After all is said and done, there is a flip side, depending on which metric you use to measure. ​ Sales or beauty? I love making beautiful work, and working with the Europeans, though at the end of the day, I am drawn to the business of design, which is more interesting in the USA. ​ It is a rational approach, because it's how you can sustain a business. It's really hard to sustain it through passion. I spend a lot of my time doing that work also, because it really makes me feel good, it's where my heart is. I like to switch between the two, but they definitely don't fit together. European designers often struggle in the US and vice versa.

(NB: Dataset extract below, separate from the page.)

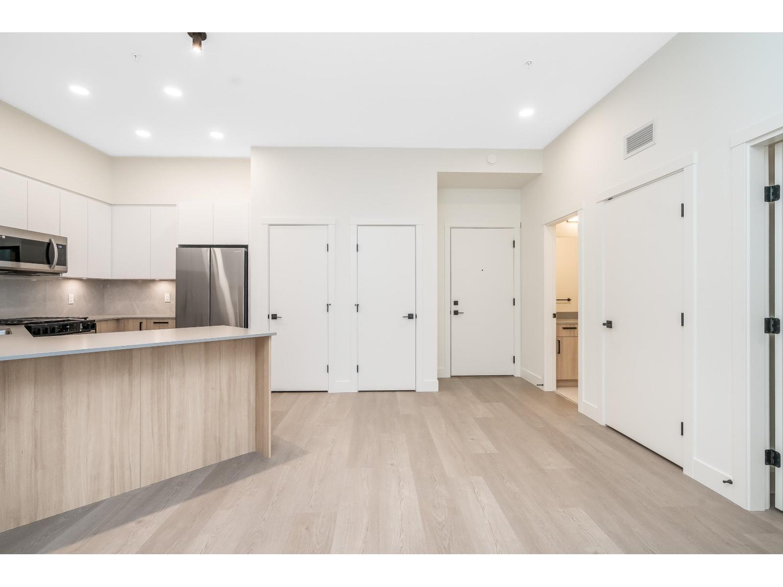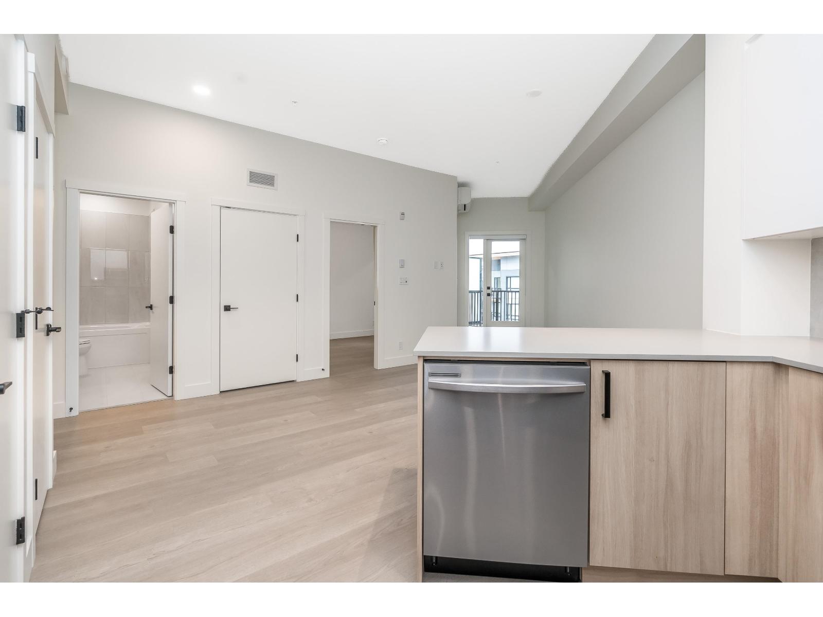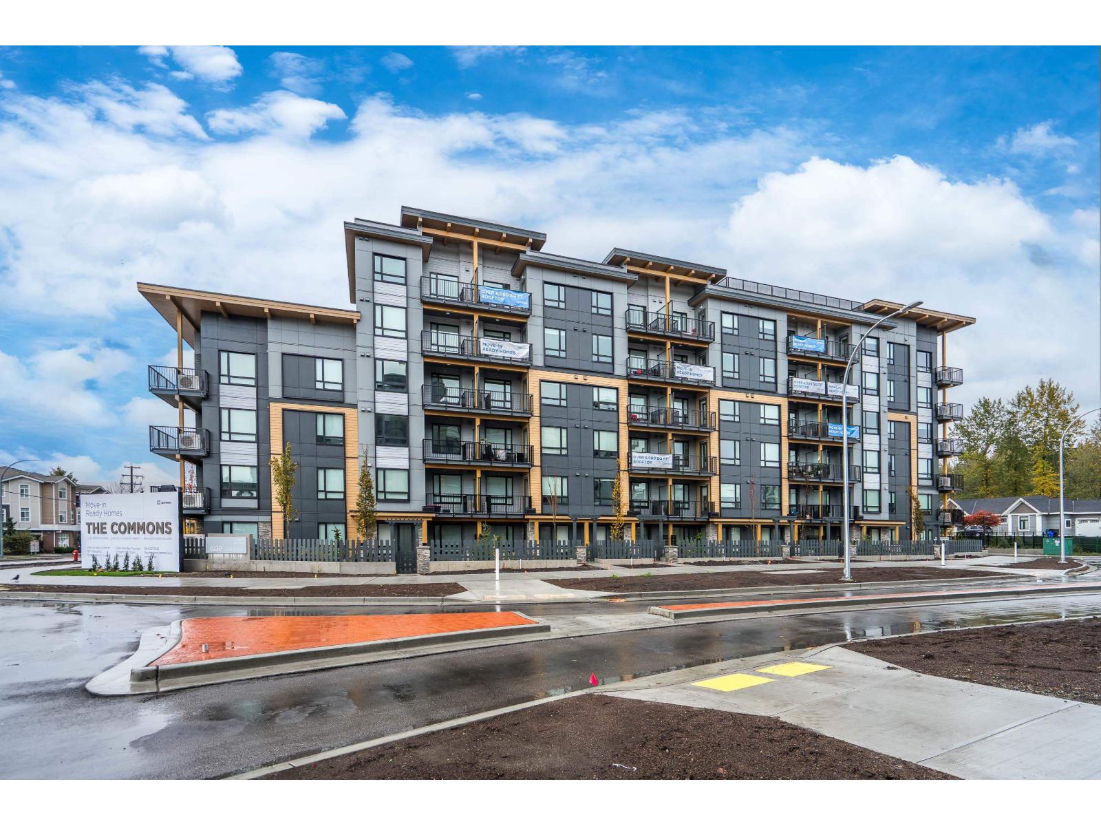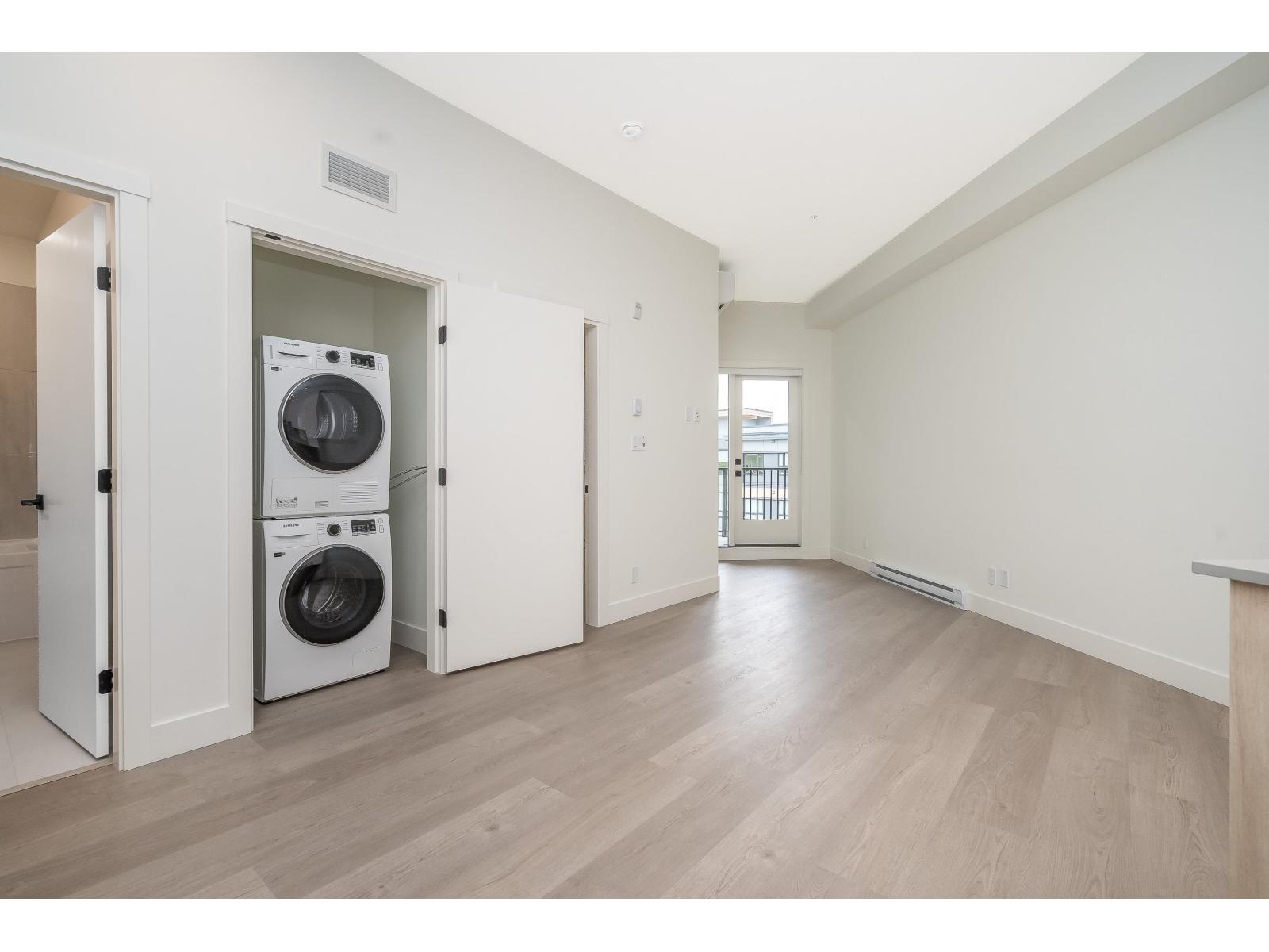 Top-floor brand new 1-bedroom, 1-bath suite at The Commons in Langley's vibrant Willoughby neighbourhood. Offering 610 sq. ft. of modern living with soaring 10+ ft ceilings, this bright and airy home features an open-concept layout, large windows, and a private balcony with elevated views. The kitchen is equipped with stainless steel appliances, quartz countertops, and sleek cabinetry, while the spa-inspired bathroom adds a contemporary touch. Includes in-suite washer/dryer and 1 secure underground parking stall. Residents enjoy modern building amenities with secure parking, bike storage, and community spaces. Steps to Willoughby Town Centre shops, dining, and services, plus parks, recreation, and fitness studios. Easy access to Hwy 1, Golden Ears Bridge, and transit! (id:52823)

Are there any American designers or American design thoughts that have inspired you and that you see as doing something different in the world?

Living as an American in Europe for 10 years, you'd catch a lot of flack for being American in terms of some of the politics but also for the lack of relevance in design. Many would ask, "American design is out of touch. How do you feel about that?" There were a few companies where I was one of the first American designers, like Zanotta and Fritz Hansen which for me, I felt like a pioneer. It would be a tough argument with my coleagues. But then I'd say, "Well, hold on - Apple computers, Coca-Cola, IBM.” These are some of the greatest designs mankind's ever made. It's considered tech, but it's actually design at its highest level. That's inspired me. What Elon Musk has been able to achieve with some of his work, not so much in the execution, that's less important to me, but just in the visionary mindset. These are all very much designed-led businesses. At the same time, they're helping shape our culture. I'm really inspired by what I see coming out of the stage in that way, not so much in the furniture way, but in the "bigger D" design way… and honestly, Europe has to catch up on this front in my opinion.